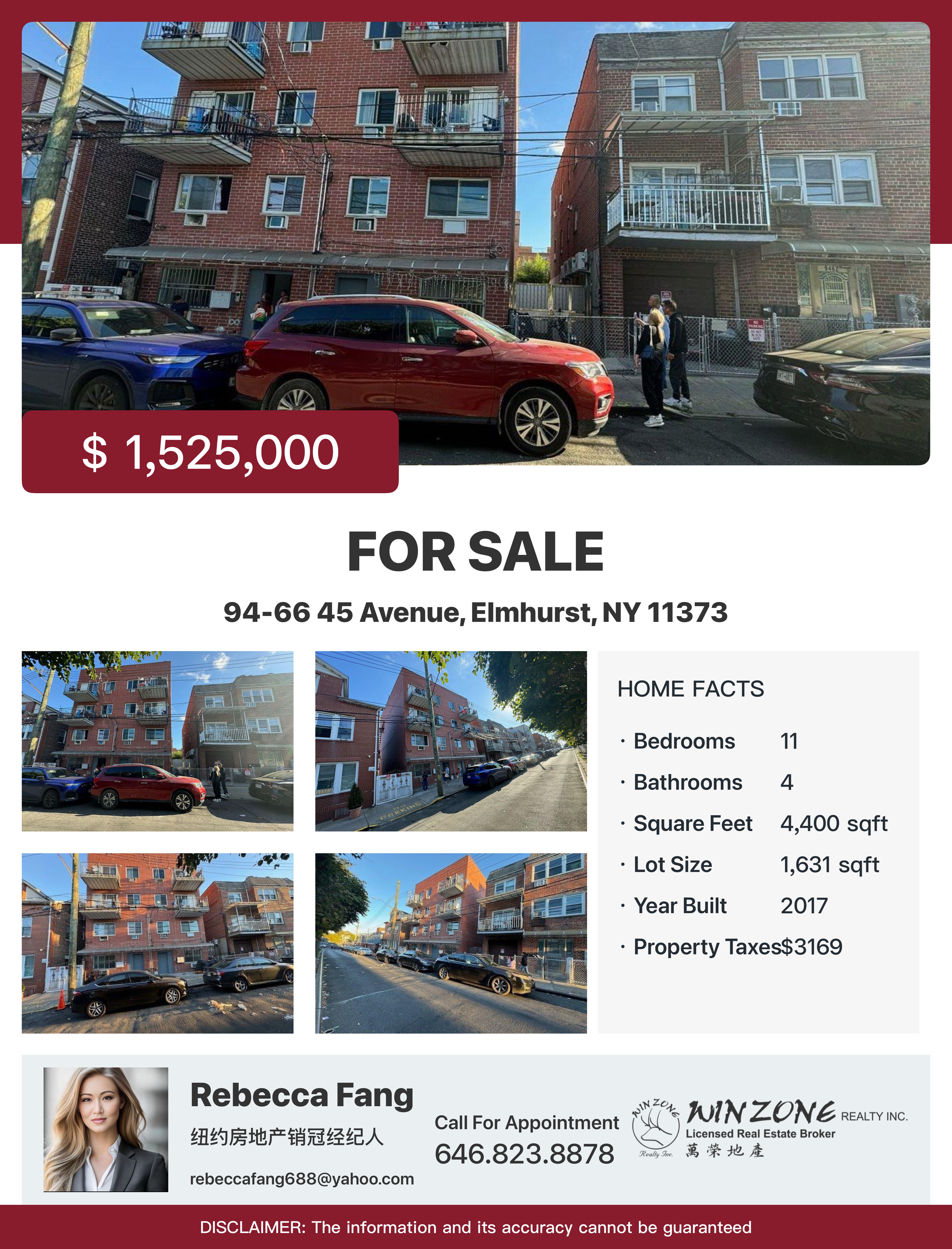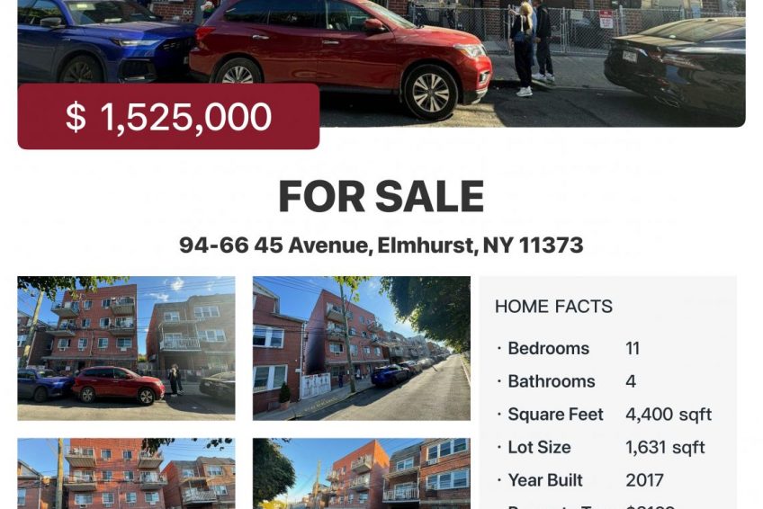 四家庭钢筋水泥结构地面四层加地下室,近Junction blvd 7 号 地铁站/每个单元的电煤电独立有房客自付,
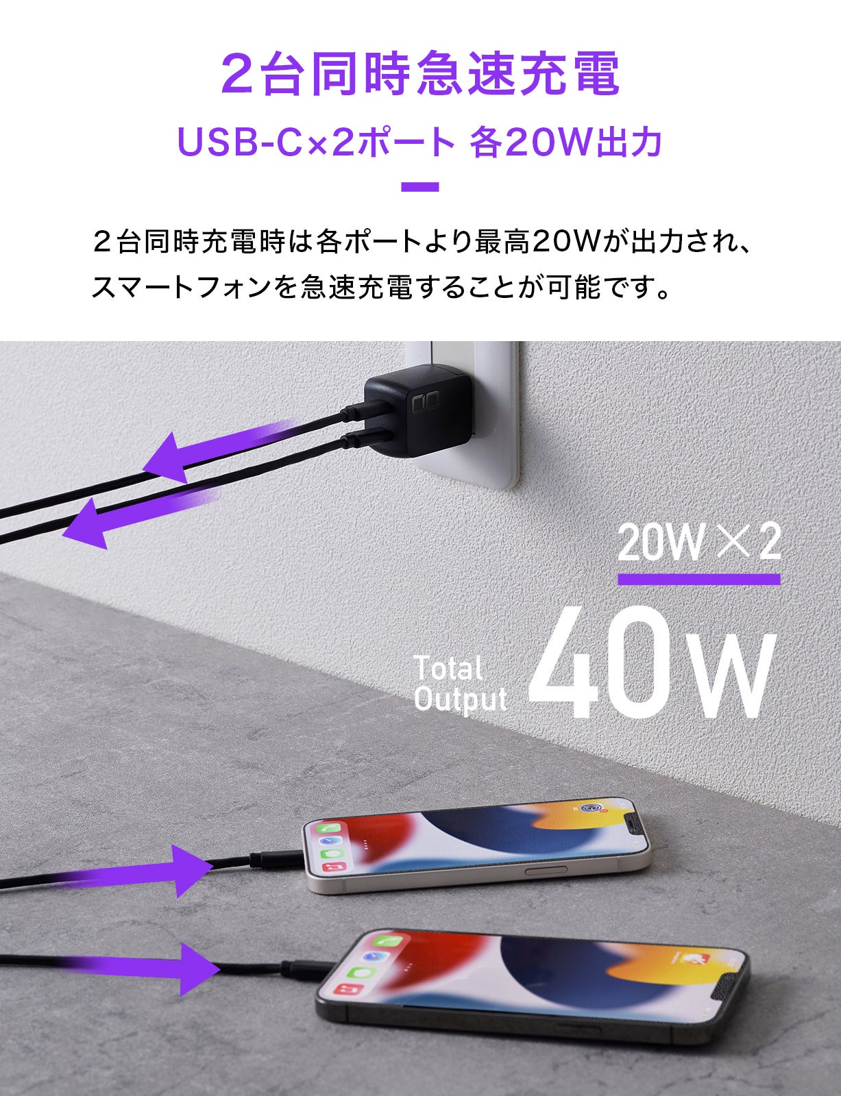 USB Type-C 2ポート搭載・最大30W急速充電・2ポート出力 合計40W・ボディは防傷素材採用
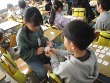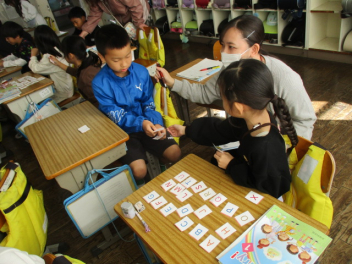 活動の最後には、自分の名前の頭文字をペアの子から受け取る活動を行っていました。「”D”card , please.」「Hear you are.」「Thank you.」の言い方にも慣れることができました。
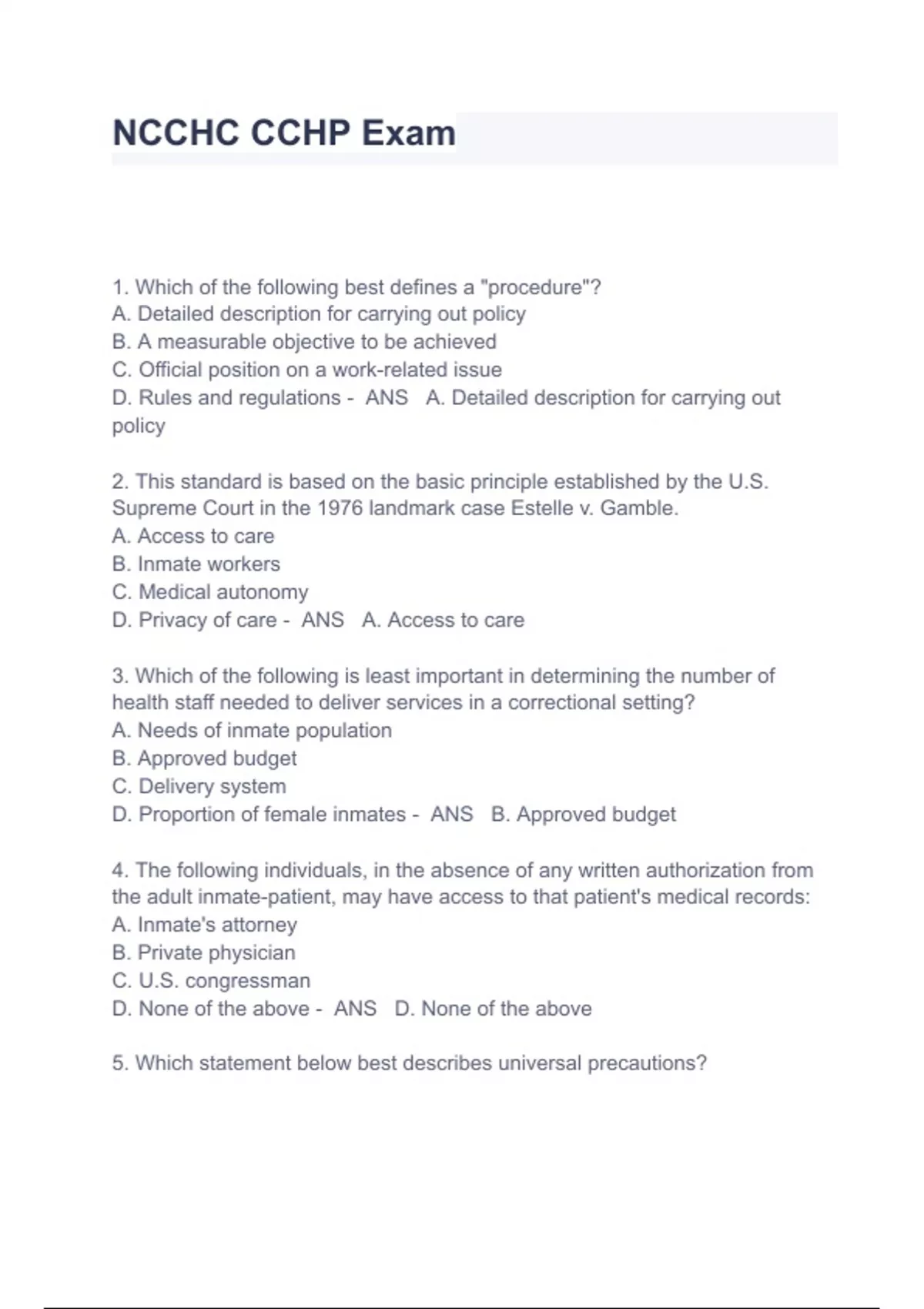 NCCHC CCHP Exam Questions With Correct Solutions 1. Which of the following best defines a "procedure"? A. Detailed description for carrying out policy B. A measurable objective to be achieved C. Official position on a work-related issue D. Rules and regulations - ANS A. Detailed description for carrying out policy 2. This standard is based on the basic principle established by the U.S. Supreme Court in the 1976 landmark case Estelle v. Gamble. A. Access to care B. Inmate workers C. Medical autonomy D. Privacy of care - ANS A. Access to care 3. Which of the following is least important in determining the number of health staff needed to deliver services in a correctional setting? A. Needs of inmate population B. Approved budget C. Delivery system D. Proportion of female inmates - ANS B. Approved budget 4. The following individuals, in the absence of any written authorization from the adult inmate-patient, may have access to that patient's medical records: A. Inmate's attorney B. Private physician C. U.S. congressman D. None of the above - ANS D. None of the above 5. Which statement below best describes universal precautions? A. Adhering to advisories published by the Centers for Disease Control and Prevention for disposing of infectious waste B. Taking protective steps with patients known to have infectious diseases so as to minimize exposure of workers and others to contagious disease C. Assuming all patients present a potential for transmission of infectious disease and adopting the same protective techniques with every patient D. Using masks, gowns and gloves for protection from infectious disease - ANS C. Assuming all patients present a potential for transmission of infectious disease and adopting the same protective techniques with every patient What is the Access to Care standard? - ANS Inmates have access to care for their serious medical, dental, and mental health needs. Define "access to care" (three criteria) - ANS 1. In a timely manner, a patient is seen by a qualified health care professional, 2. is rendered a clinical judgment, 3. and receives care that is ordered What is the basic principle established by the U.S. Supreme Court landmark case in 1976 Estelle v. Gamble? - ANS Inmates must have access to care to meet their serious health needs. What is the fundamental principle on which all National Commission on Correctional Health Care standards based? - ANS Inmates must have access to care to meet their serious health needs. List five examples of unreasonable barriers to inmates' access to health services. - ANS 1. punishing inmates for seeking care for their health needs 2. assessing excessive fees that prevent or deter inmates from seeking care 3. deterring inmates from seeking care, such as holding sick call at 2AM 4. having understaffed, underfunded, poorly organized system resulting in inability to provide appropriate and timely access to care 5. having a utilization review process that delays or denies necessary care

* **Problem statement**: Repeat only what lies between the start of the data and the end of the line containing "you are.」「Thank you.」の言い方にも慣れることができました。", exactly, with pictures left out.

* **Written answer**:
 四家庭钢筋水泥结构地面四层加地下室,近Junction blvd 7 号 地铁站/每个单元的电煤电独立有房客自付,
 USB Type-C 2ポート搭載・最大30W急速充電・2ポート出力 合計40W・ボディは防傷素材採用
 活動の最後には、自分の名前の頭文字をペアの子から受け取る活動を行っていました。「”D”card , please.」「Hear you are.」「Thank you.」の言い方にも慣れることができました。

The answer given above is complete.